▶ [PROBLEM TO SOLVE]:
Quote all of the data that follows exactly as written, skipping the images.

▶ [GIVEN INFORMATION]:
______________________________

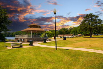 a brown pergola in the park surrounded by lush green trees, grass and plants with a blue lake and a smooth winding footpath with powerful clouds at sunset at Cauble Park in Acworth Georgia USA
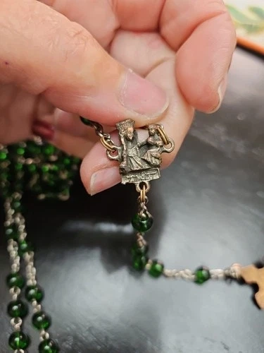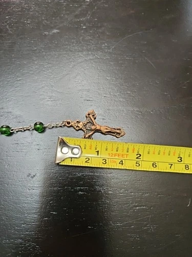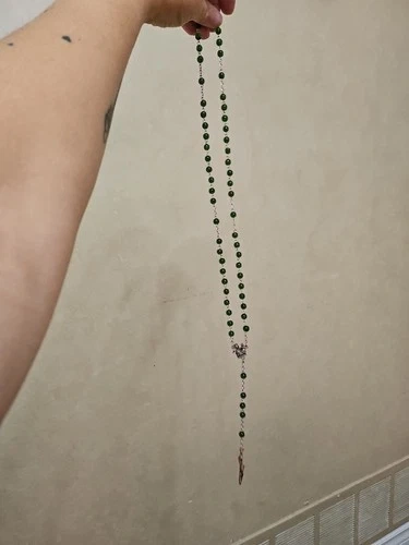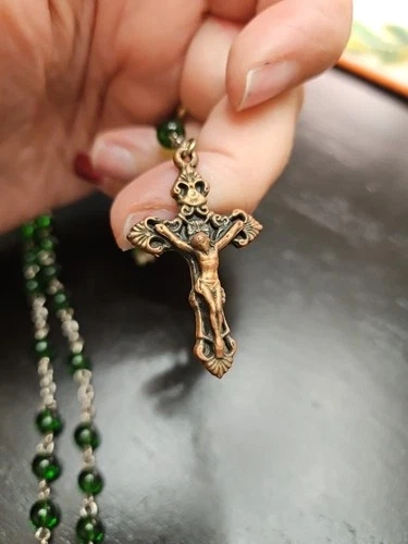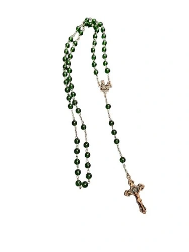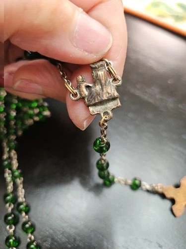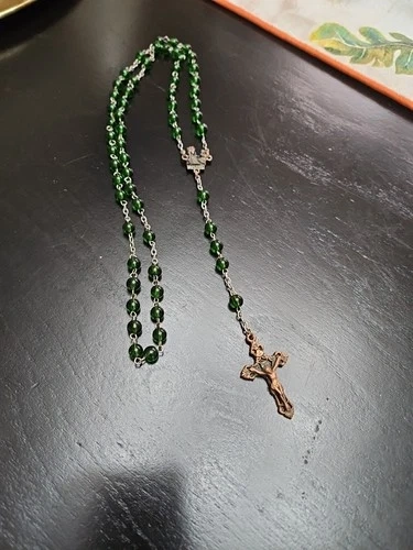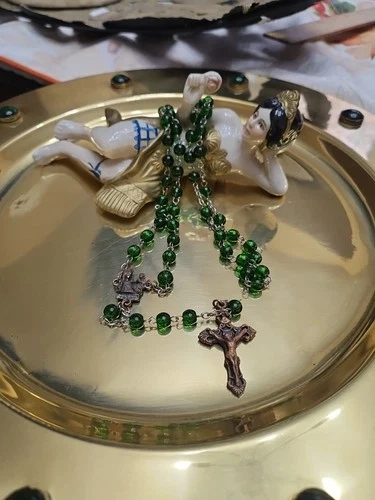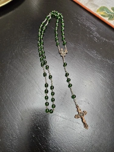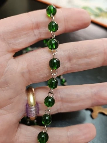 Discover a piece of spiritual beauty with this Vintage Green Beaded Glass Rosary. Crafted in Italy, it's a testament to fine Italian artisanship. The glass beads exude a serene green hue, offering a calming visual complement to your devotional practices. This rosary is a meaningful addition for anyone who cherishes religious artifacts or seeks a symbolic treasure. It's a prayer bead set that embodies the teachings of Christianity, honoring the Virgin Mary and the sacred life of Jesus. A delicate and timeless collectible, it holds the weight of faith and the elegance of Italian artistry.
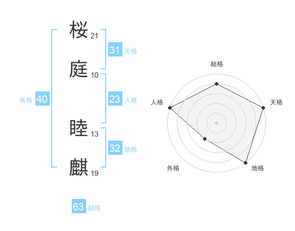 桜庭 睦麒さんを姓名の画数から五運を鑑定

______________________________

▶ [RESPONSE AREA]:
 a brown pergola in the park surrounded by lush green trees, grass and plants with a blue lake and a smooth winding footpath with powerful clouds at sunset at Cauble Park in Acworth Georgia USA
 Discover a piece of spiritual beauty with this Vintage Green Beaded Glass Rosary. Crafted in Italy, it's a testament to fine Italian artisanship. The glass beads exude a serene green hue, offering a calming visual complement to your devotional practices. This rosary is a meaningful addition for anyone who cherishes religious artifacts or seeks a symbolic treasure. It's a prayer bead set that embodies the teachings of Christianity, honoring the Virgin Mary and the sacred life of Jesus. A delicate and timeless collectible, it holds the weight of faith and the elegance of Italian artistry.
 桜庭 睦麒さんを姓名の画数から五運を鑑定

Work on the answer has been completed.